Saturday, April 25, 2009


Among School Children



I walk through the long schoolroom questioning;
A kind old nun in a white hood replies;
The children learn to cipher and to sing,
To study reading-books and histories,
To cut and sew, be neat in everything
In the best modern way - the children's eyes
In momentary wonder stare upon
A sixty-year-old smiling public man.



Thus begins one of the greatest among W. B. Yeats later poems and one of the best poems of the twentieth century. I still remember a University of Chicago First Friday lecture by Claudia Traudt several years ago when she recited and analyzed this poem. Before the end of the lecture the beauty of the poem (and her recitation) brought tears to my eyes.

I cannot begin to share all the ideas and resonances that are contained in this marvelous work of art. As with all great poetry you do not need to know all the layers of meaning, but they add to your enjoyment of it and the understanding permeates the feeling of the beauty. Just the beginning line, which situates you in a schoolroom, can suggest the literal schoolroom and the metaphorical schoolroom that is the world in which we live. Certainly Yeats was alive to both and his poetry inspires the continued learning for those who read and meditate upon its meaning.

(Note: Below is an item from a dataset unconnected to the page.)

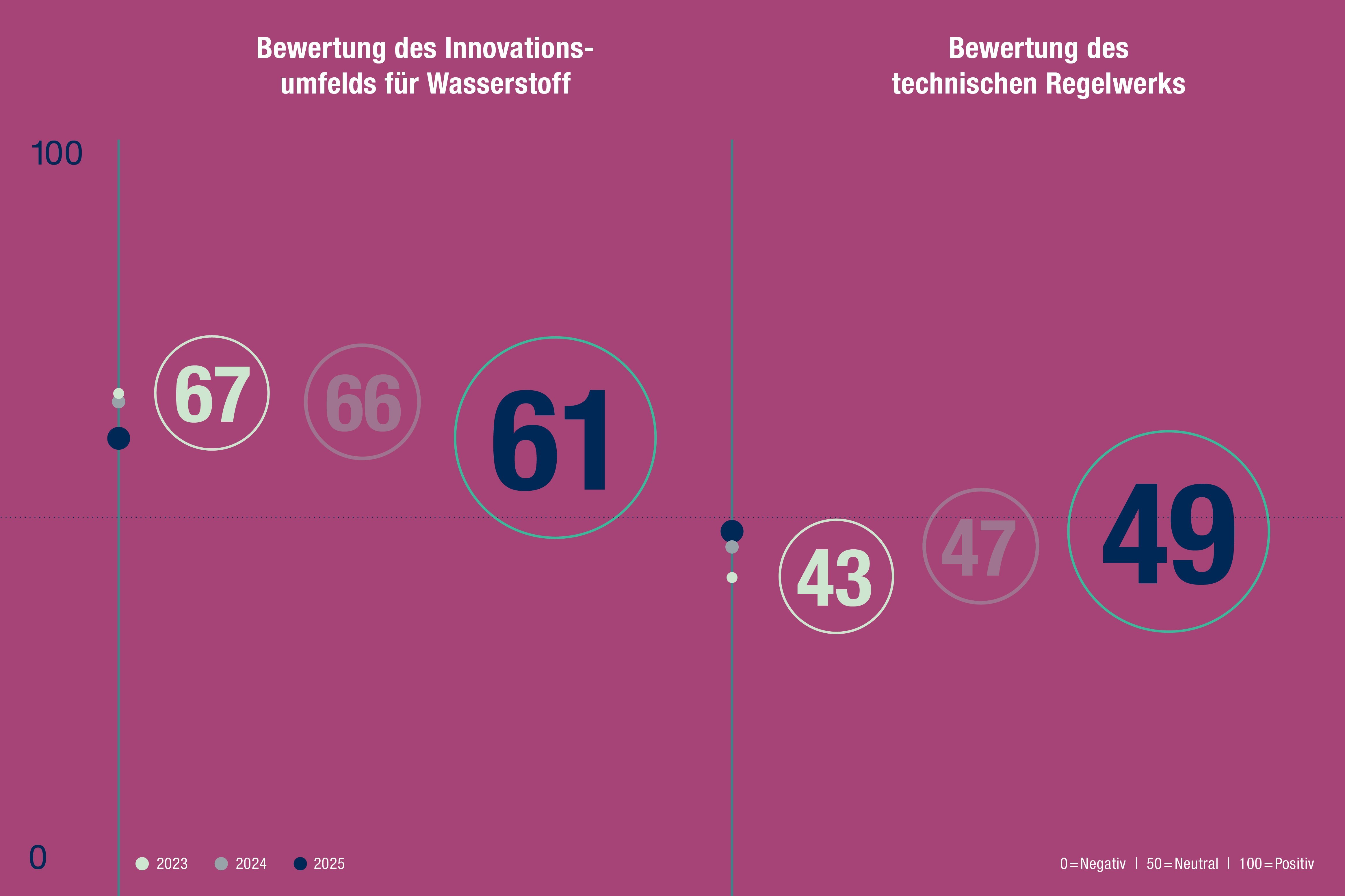 • Die Einschätzungen der Marktakteure bezüglich verschiedener Wasserstofftechnologien variieren nach wie vor. Die Entwicklung von Schlüsseltechnologien, wie z. B. Erzeugung und Transport, wird größtenteils von den Markakteuren als neutral mit positiver Tendenz bewertet. Der technische Stand der Wasserstofftechnologien zur Verflüssigung und im Gebäudesektor wird von den Befragten etwas schlechter eingestuft.

After sharing six more stanzas of reflections on life and its meaning - the beauty of learning from dialogues of Plato to the spiritual reveries of religious thought - he closes with a final stanza of transcendent beauty:

Labour is blossoming or dancing where
The body is not bruised to pleasure soul.
Nor beauty born out of its own despair,
Nor blear-eyed wisdom out of midnight oil.
O chestnut-tree, great-rooted blossomer,
Are you the leaf, the blossom or the bole?
O body swayed to music, O brightening glance,
How can we know the dancer from the dance?


Here is a great poetic soul musing about the nature of creativity. The lines linger in one's memory and like all great art remind one of the greatness of humanity. (The whole poem may be found on-line here)



The Collected Poems of W. B. Yeats. Scribner, 1956.